▶ _WHAT TO WORK ON_: In the data below, one line contains "کرم آبرسان آرت" and a later one contains "massif. | |". Print both, with every line between them, exactly and alone.

▶ _RECORDS FOR THE EXERCISE_:
▼
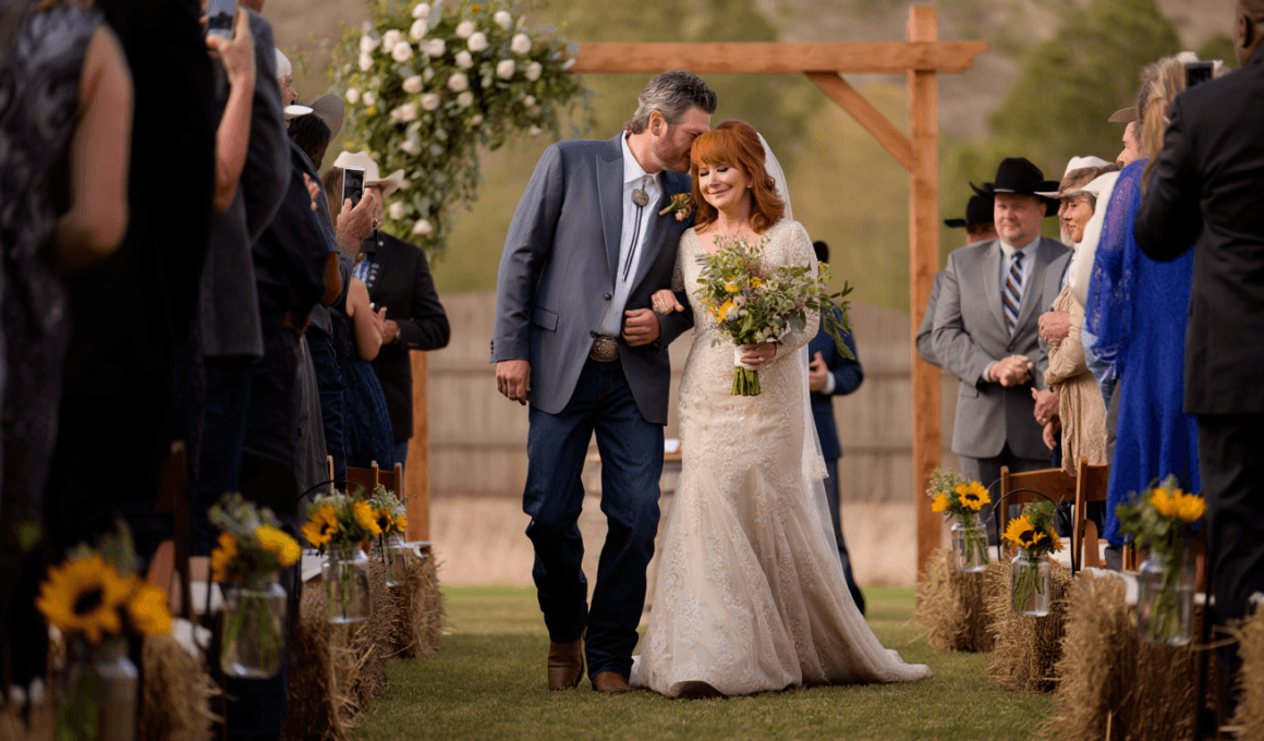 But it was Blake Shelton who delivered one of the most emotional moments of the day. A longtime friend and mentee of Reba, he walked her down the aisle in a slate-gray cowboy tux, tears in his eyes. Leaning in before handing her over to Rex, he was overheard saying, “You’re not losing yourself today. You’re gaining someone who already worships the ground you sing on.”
▲
▼
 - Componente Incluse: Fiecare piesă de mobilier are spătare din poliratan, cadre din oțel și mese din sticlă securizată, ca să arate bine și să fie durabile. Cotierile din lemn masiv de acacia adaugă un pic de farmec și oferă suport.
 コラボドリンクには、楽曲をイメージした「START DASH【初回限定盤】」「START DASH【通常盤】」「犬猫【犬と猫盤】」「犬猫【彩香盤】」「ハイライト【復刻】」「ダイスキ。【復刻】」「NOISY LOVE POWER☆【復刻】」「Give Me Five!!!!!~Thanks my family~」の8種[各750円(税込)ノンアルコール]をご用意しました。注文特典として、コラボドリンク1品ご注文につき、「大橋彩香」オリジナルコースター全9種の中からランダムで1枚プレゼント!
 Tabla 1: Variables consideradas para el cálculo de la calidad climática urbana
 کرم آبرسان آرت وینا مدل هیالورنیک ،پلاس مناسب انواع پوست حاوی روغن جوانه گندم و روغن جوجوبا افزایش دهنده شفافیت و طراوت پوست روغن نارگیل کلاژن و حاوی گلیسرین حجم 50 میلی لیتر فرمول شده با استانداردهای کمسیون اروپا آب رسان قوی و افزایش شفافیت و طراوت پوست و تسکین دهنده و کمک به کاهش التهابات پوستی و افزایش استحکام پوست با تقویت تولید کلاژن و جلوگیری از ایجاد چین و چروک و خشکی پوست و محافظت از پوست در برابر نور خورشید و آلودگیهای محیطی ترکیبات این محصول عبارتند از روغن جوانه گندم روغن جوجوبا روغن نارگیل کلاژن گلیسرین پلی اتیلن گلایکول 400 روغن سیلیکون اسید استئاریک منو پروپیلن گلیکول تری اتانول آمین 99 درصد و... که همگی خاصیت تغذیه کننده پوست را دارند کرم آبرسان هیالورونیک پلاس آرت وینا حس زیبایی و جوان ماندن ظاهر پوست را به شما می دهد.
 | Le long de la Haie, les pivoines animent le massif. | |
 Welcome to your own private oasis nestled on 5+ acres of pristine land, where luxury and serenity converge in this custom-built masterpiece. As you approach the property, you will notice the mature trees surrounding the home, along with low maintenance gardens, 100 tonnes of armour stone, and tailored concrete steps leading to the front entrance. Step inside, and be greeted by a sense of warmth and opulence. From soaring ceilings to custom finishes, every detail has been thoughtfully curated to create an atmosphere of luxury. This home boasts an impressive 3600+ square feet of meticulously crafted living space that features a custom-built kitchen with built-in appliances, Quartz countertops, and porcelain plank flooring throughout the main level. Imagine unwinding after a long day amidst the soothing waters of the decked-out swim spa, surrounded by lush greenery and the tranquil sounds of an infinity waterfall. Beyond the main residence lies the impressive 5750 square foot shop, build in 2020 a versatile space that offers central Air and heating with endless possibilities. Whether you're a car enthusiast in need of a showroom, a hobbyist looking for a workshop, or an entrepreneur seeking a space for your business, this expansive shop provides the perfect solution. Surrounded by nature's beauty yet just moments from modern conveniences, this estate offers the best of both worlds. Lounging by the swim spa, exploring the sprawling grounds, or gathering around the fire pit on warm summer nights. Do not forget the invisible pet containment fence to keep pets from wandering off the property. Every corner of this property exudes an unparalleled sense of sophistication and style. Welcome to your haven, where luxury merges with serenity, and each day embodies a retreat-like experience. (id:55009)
▲
▶ _ANSWER SPACE_:
 کرم آبرسان آرت وینا مدل هیالورنیک ،پلاس مناسب انواع پوست حاوی روغن جوانه گندم و روغن جوجوبا افزایش دهنده شفافیت و طراوت پوست روغن نارگیل کلاژن و حاوی گلیسرین حجم 50 میلی لیتر فرمول شده با استانداردهای کمسیون اروپا آب رسان قوی و افزایش شفافیت و طراوت پوست و تسکین دهنده و کمک به کاهش التهابات پوستی و افزایش استحکام پوست با تقویت تولید کلاژن و جلوگیری از ایجاد چین و چروک و خشکی پوست و محافظت از پوست در برابر نور خورشید و آلودگیهای محیطی ترکیبات این محصول عبارتند از روغن جوانه گندم روغن جوجوبا روغن نارگیل کلاژن گلیسرین پلی اتیلن گلایکول 400 روغن سیلیکون اسید استئاریک منو پروپیلن گلیکول تری اتانول آمین 99 درصد و... که همگی خاصیت تغذیه کننده پوست را دارند کرم آبرسان هیالورونیک پلاس آرت وینا حس زیبایی و جوان ماندن ظاهر پوست را به شما می دهد.
 | Le long de la Haie, les pivoines animent le massif. | |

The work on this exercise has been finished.